D’ailleurs, elle se couche presque aussitôt que rentrée.
Mercredi 3
J’ai cédé ma chambre à Judith et songe bientôt que je n’aurais pas dû puisque, malgré les bouchons d’oreille, Angelo me réveille à divers reprises. A quatre heures du matin, il n’est pas encore couché.
Je dors très peu (en somme, allais-je écrire !), la nuit traversée de cauchemars nourris de RN.
Matin
La chaudière, qui avait lancé des signes avant-coureurs en décembre puis, par deux fois dans les jours qui ont précédé, d’un dérèglement, après avoir grimpé jusqu’à des températures voisinant l’ébullition, déclare forfait et se coupe d’elle-même au beau milieu de la douche que prend Judith. L’eau étant devenue froide, elle est bientôt réduite à une « toilette de chat » et doit abréger ses ablutions.
Je la raccompagne jusque sur le quai de la gare en milieu de matinée.
Après-midi
La propriétaire de l’Hôtel de **** a donné son accord à Judith pour la location de son studio.
5 juillet
Comme pour se faire pardonner de la fois où il m’avait interpellé d’un « mon petit monsieur » qui m’avait fortement déplu, Mecton (surnommons-le ainsi), à qui je m’adresse pour trouver quelque article dans le magasin où il travaille, fait l’éloge de mes lunettes de soleil : « La classe ! Dallas ! », lance-t-il — à quoi je proteste que j’ai oublié tout bonnement de les ôter, la politesse commandant de retirer des lunettes foncées lorsqu’on s’adresse à un interlocuteur, qui plus est à l’intérieur.

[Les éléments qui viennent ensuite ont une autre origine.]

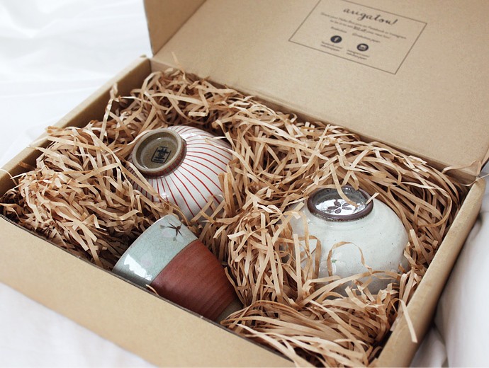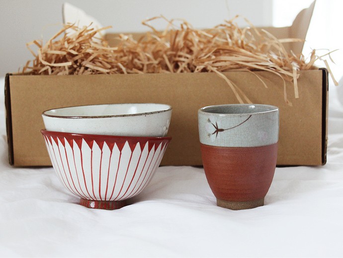 After browsing the Neko Box Shop, I decided to buy Sakura Matcha Bowl by Saikai Toki, Hasamiyaki Red Chrysanthemum Bowl, and Momoyama Blossom Red Cup.

Et, vissant son regard dans ses yeux, j’ajoute : « Parce que c’est important, le regard !… » Et lui d’en convenir, en une concaténation de formules et postures éculées. Parmi toutes, son compliment voisine la stupidité, et contribue à disqualifier Mecton de nouveau… Je m’amuse de l’échange, cependant, et lui pardonne incontinent ¡
* * *
Judith me fait parvenir une vidéo réalisée par Lucien sur un texte de Léo Ferré dont elle m’avait parlé la veille, jaculation verbale plutôt réjouissante dont j’ignorais l’existence jusqu’alors. J’accuse réception de l’objet filmique, hasarde un commentaire élogieux argumenté en demandant si Lucien a porté à la connaissance de Mathieu Ferré l’existence de son travail.

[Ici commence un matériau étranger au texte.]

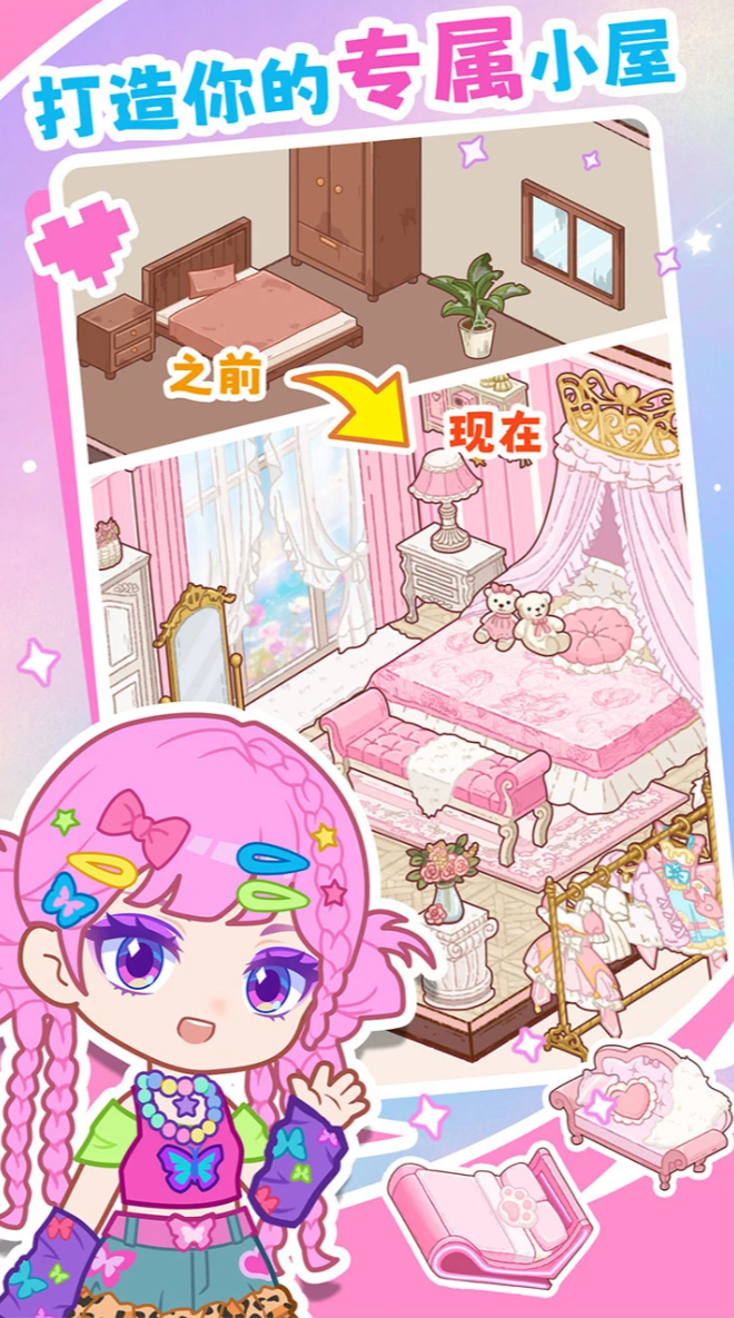 根据自己的喜好去装扮不同的房屋,每一个房屋的构造也是不同的,因此玩家可以有多种装饰的体验。卡中还包含了收拾房屋和装修的过程,让玩家能够全面地感受装饰房屋带来的快乐,需要将房屋之前的所有破旧家具以及脏乱的地方进行打扫,让整个房间看起来更加的焕然一新,拥有几百种家具,玩家可以自由的挑选,将它们全部搬进自己的房间。

Nous avons un assez long téléphonage, Khadija et moi. Elle se dit très contente d’être en vacances. Je parle de venir quelques jours dans les Ardennes.
6 juillet
Judith se propose de venir à Nancy avec N. la dernière semaine d’août (je ne sais pas si ce sera avec ou sans Lucien…) pour occuper le studio — puisque le bail débutera au début du mois — et approfondir leur connaissance du Grand-Est.
7 juillet
Je réponds en différé à son courriel — et termine par : « Bon début de dimanche d’élections législatives, en espérant que l’ébranlement (pour le dire ainsi…) sera moindre que redouté. »
20 heures
L’ébranlement s’est éloigné. Soulagement immense. Même si rien ne paraît réglé pour autant et si la suite ne laisse pas d’inquiéter.